ROI selection and fiber-tracking results. (A) Representative medio-temporal ROIs from a single subject. The ERC (red), PRC (blue), and PHC (green) were manually segmented from the subjects’ individual T1-weighted MRIs. (B) Localization of the fMRI-based PFC DM seed region. All PFC starting regions for fiber tracking were seeded around the local maxima of activation during deep vs. shallow processing (LOP) or successful encoding (DM), respectively. The picture shows the distribution (mean ± 1 and 2 SD) of the DLPFC (cyan) and VLPFC (yellow) DM seed regions of the study subjects. (C) Fiber-tracking results.
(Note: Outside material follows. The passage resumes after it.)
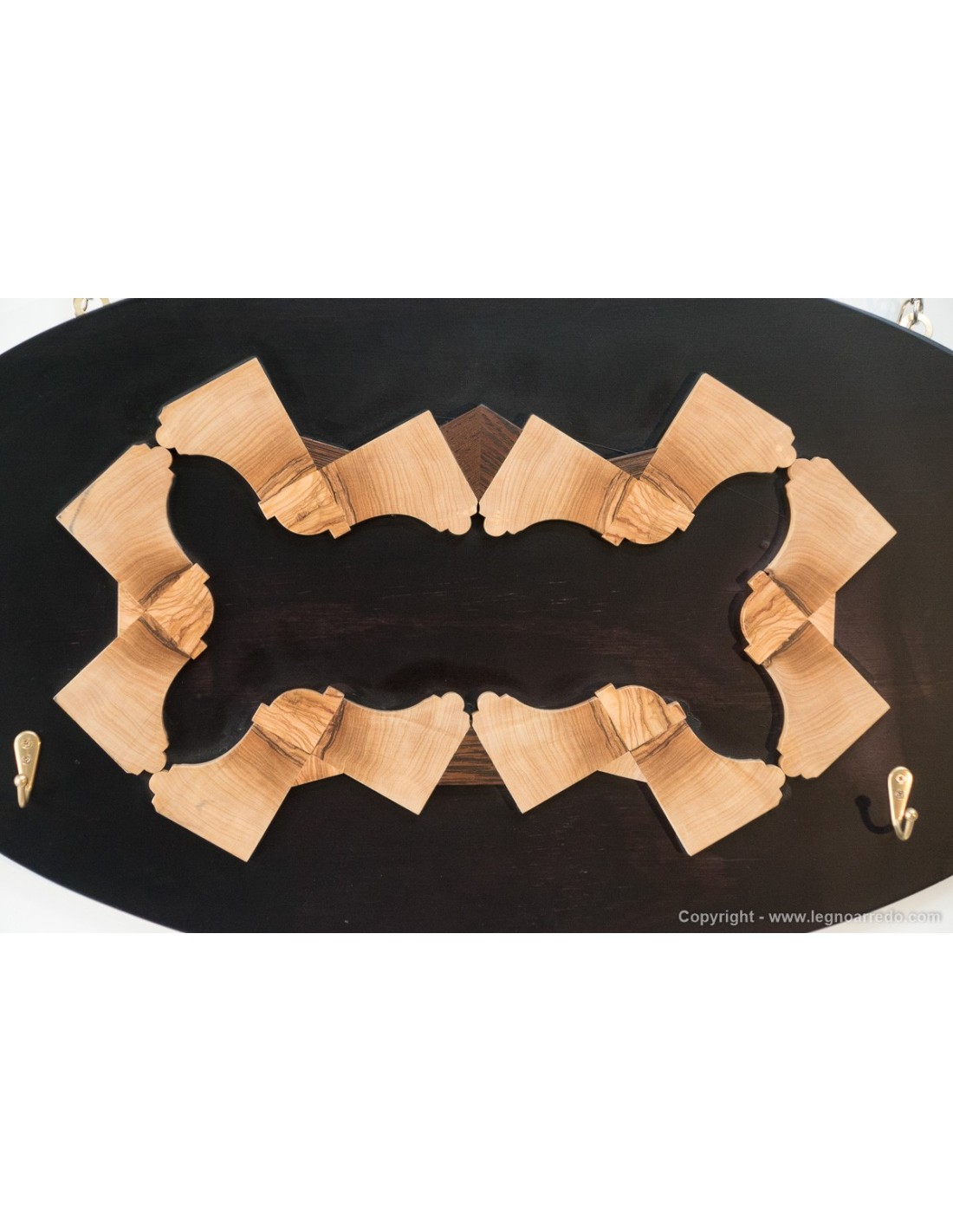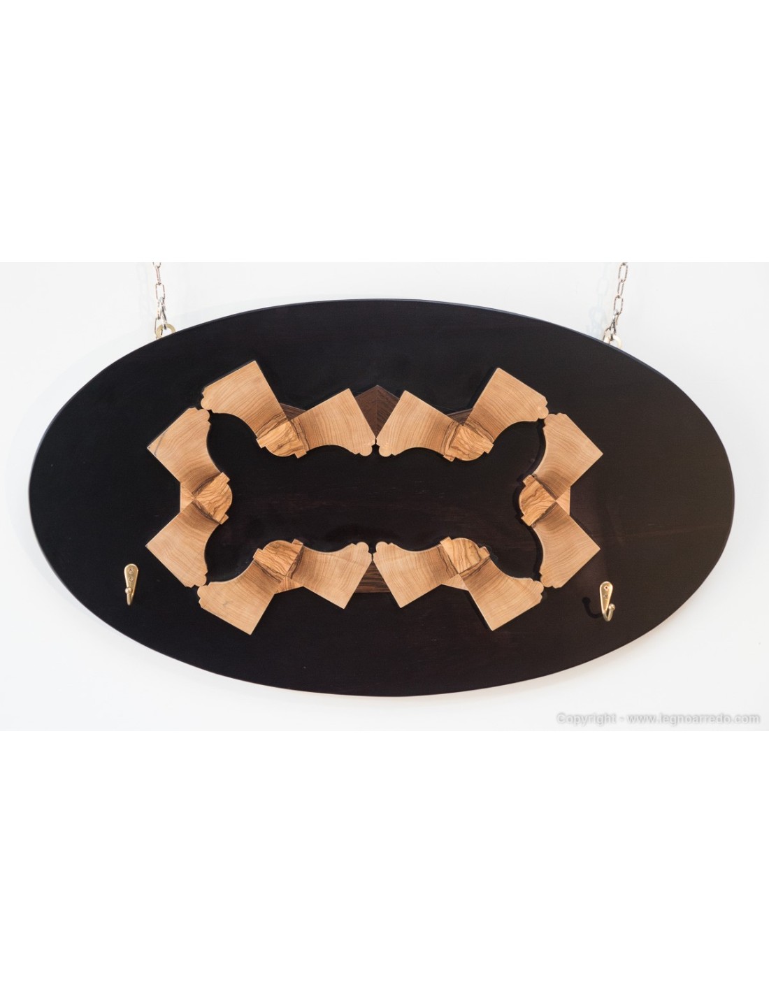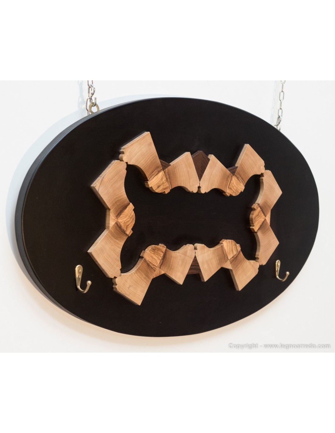 Appendiabiti da parete, costituito da una pregiata ed elegante composizione in legno massello di ulivo e wengé applicata su pannello multistrato colorato.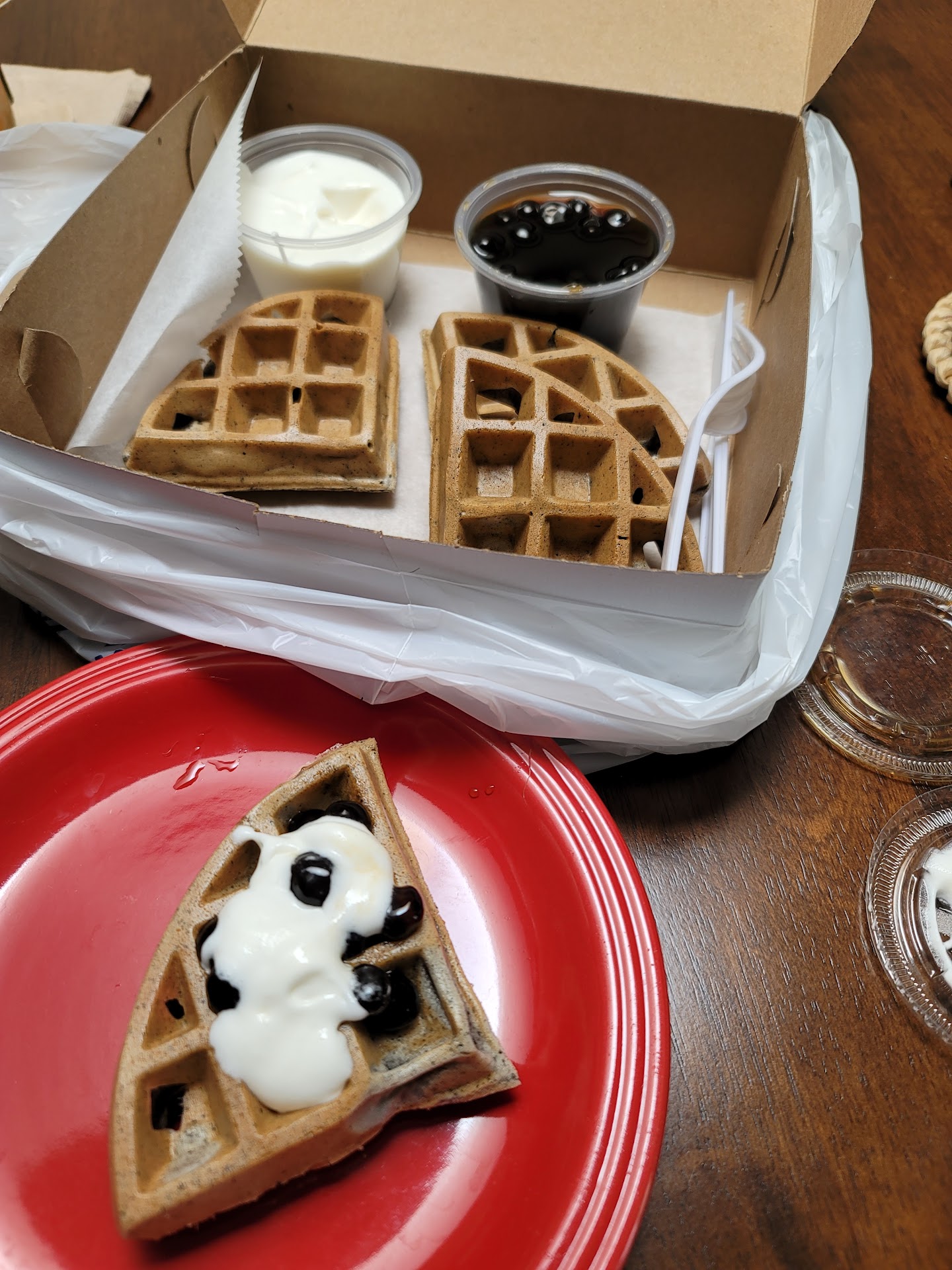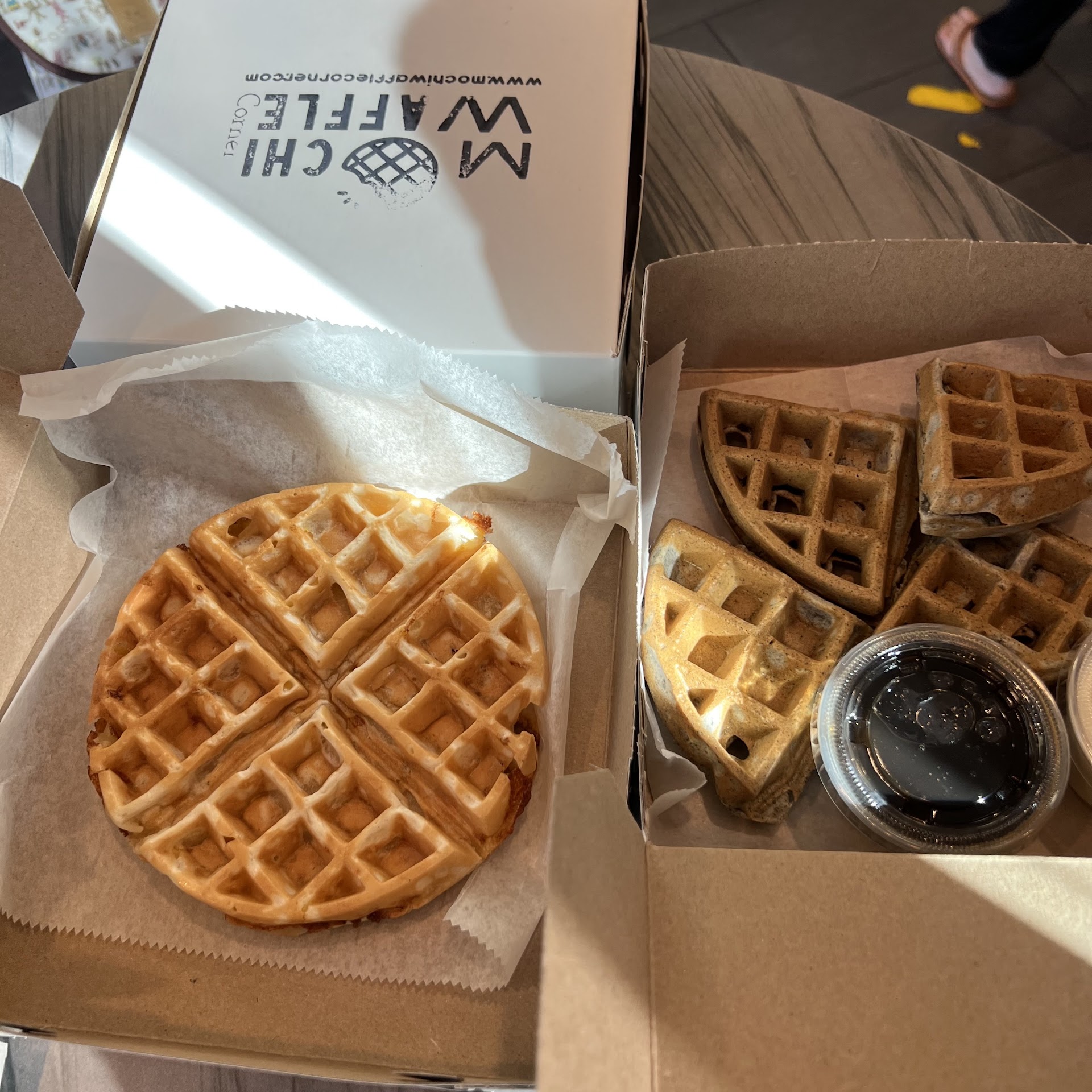 Read moreYummy!!!!! Was looking for a snack so stopped by on a Sunday afternoon. Small corner store in a small plaza! Not too busy so parking was no issue. You order on the kiosk and waffles take 10-20 minutes since they make it fresh. You'll get a text when your order is done and they also call out numbers loud enough to hear from the outside. Easy pickup window inside! There are some tables on the outside of the shop but none inside.

The figure displays the fiber tracts linking the fMRI-based DLPFC and VLPFC DM seed regions and the three anatomically selected MTL regions. Results from a representative subject are shown. In all subjects, fiber tracking yielded connections of comparable anatomical location, but of variable strength.

Fiber-Tracking Results.

Fiber tracts were reconstructed from individual activation peaks within the four fMRI-derived seed regions in the PFC (DLPFC DM, VLPFC DM, dorsomedial and ventrolateral LOP regions) to the three anatomically segmented regions of interest (ROIs) within the MTL (Fig. 2 A and B). Fig. 2C displays representative fiber tracts linking the MTL and memory-related PFC regions in a single subject. The absolute number of fiber tracts showed high interindividual variability in our cohort, which was observed at comparable magnitudes by all three raters. Type 3 intraclass correlations revealed interrater reliabilities of 0.680 < r < 0.994 (all, P < 0.001). Fig. 3A displays example fiber tracts from three participants linking the VLPFC DM seed region to the segmented PRC in three representative subjects.

Fig. 3.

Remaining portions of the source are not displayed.